» Requirement
Given the entries that follow, write out exactly the lines starting at the one containing "Jungle Green Plus" and ending at the one containing "Chan*l coco handbags", both ends included, and only those.

» Material provided
········
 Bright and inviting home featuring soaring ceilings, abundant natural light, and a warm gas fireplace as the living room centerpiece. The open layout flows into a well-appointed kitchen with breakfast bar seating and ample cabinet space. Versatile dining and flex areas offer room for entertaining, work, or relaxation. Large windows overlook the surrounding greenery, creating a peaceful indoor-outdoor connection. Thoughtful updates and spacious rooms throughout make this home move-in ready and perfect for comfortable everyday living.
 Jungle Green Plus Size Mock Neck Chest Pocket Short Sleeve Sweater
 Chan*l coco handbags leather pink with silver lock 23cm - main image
········
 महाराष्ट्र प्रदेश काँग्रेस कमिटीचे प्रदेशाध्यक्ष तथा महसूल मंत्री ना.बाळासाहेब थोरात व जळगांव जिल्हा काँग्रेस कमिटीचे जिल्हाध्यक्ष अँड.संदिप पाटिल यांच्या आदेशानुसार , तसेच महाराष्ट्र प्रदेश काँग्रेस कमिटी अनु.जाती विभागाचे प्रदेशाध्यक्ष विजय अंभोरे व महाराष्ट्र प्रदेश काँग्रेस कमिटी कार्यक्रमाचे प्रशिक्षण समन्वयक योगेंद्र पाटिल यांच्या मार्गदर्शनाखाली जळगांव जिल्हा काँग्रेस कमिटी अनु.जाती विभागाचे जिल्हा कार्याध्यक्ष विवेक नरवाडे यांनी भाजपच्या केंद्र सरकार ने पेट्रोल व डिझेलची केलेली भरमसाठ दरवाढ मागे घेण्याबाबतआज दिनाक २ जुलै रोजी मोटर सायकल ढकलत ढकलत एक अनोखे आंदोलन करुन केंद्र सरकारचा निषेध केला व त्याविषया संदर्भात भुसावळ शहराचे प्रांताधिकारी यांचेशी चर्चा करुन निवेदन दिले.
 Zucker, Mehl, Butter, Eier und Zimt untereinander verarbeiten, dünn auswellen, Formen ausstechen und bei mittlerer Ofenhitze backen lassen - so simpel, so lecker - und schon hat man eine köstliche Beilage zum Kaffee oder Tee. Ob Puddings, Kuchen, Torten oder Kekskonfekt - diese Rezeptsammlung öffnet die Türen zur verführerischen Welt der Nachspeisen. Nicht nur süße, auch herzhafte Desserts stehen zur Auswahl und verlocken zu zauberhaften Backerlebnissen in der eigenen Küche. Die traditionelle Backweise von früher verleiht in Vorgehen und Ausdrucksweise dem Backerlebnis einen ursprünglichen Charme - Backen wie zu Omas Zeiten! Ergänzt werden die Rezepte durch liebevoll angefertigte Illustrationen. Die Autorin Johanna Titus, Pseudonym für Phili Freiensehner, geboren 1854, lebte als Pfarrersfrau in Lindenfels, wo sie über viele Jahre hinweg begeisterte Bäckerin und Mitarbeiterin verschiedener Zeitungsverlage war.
········
» Result for this exercise
 Jungle Green Plus Size Mock Neck Chest Pocket Short Sleeve Sweater
 Chan*l coco handbags leather pink with silver lock 23cm - main image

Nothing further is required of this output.